I was reminded of this the other day when I stumbled across the following:

I know I’m not the only parent who has ever cringed at some of the “goodies” other people give my children. I started out as a well-meaning, yet naïve, mother who wanted her older son to eat healthy and did not give him sweets. It didn’t do me any good, as day-care workers and teachers readily supplied his sugar stash with candy, cookies, and cakes. And I was left picking up the sticky wrappers from my car, my floors, my furniture, and my washing machine. For a while, at the end of her class, one of Younger Son’s Sunday school teachers gave the kids gum, which made it into the church service. Every Sunday, I had to listen to Younger Son’s smacking and popping during the sermon. Once, Older Son’s Sunday school teacher gave the kids balloons right before church. Older Son and his friends sat in the front row happily blowing up and letting the air hiss out of their balloons before the pastor admonished them with, “Gentlemen, the only rush of wind I want to hear is that of the Holy Spirit.” Thankfully, that was before my husband was the pastor. Otherwise, I don’t think the reprimand would have been so gentle.

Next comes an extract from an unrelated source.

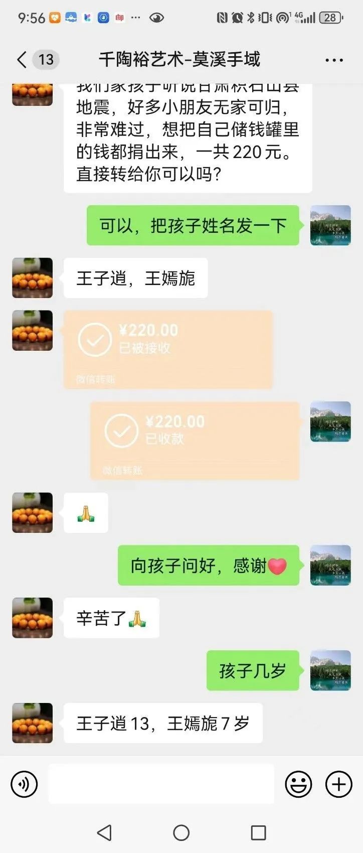 校友7岁和13岁的小孩子看到电视中灾区小朋友们的现状十分难过,也把自己储蓄罐积攒的钱捐给灾区小朋友,帮助他们重建家园。这样纯真的善举也感染了其他校友和小朋友们,纷纷主动给灾区献爱心。

But I sometimes have to wonder what these well-meaning people are thinking. Do they think parents are actually going to thank them for loading their kids up with sugar after school or before church? It makes me want to get even by loading my kids up on sugar before school and Sunday school! I also wonder how I managed to make it through an entire day of school or a Sunday school class as a child, doing what I was supposed to do, without a sugar “reward.” For that matter, I remember back when we went to parades, we actually watched the parade. We didn’t knock other kids under the wheels of the floats while diving for candy. Nowadays, kids can get more candy during a thirty-minute parade than we got schlepping from door-to-door for two hours on Halloween. At least we had to work for our sugar by walking several miles!

Then there are the irritating toys, such as whistles, noise makers, and anything else that is designed to make parents go batty. Even the harmless ball thrown repeatedly against the side of the house can drive a formerly sane parent into a gelatinous blob of quivering lunacy. Or the Play doh that I didn’t give my kids because they left it all over the house on the floor or tables and I invariably had to try to scrape it off the wooden surfaces or the carpet. Or the bubbles they blew in the house and then the rest of the bottle got knocked over. Have you ever tried cleaning up that slippery mess? Or the inappropriate clothing that became the kids’ favorite. Yeah, try getting that T-shirt with the tasteless saying or the movie you don’t want to promote on it away from the kid.

I know I’m coming across as an ungrateful curmudgeon, particularly toward people who have gone out of their way to give my children little gifts that will bring them pleasure. But perhaps I could make a suggestion. How about you keep these things at your place and you and my kids can enjoy them together!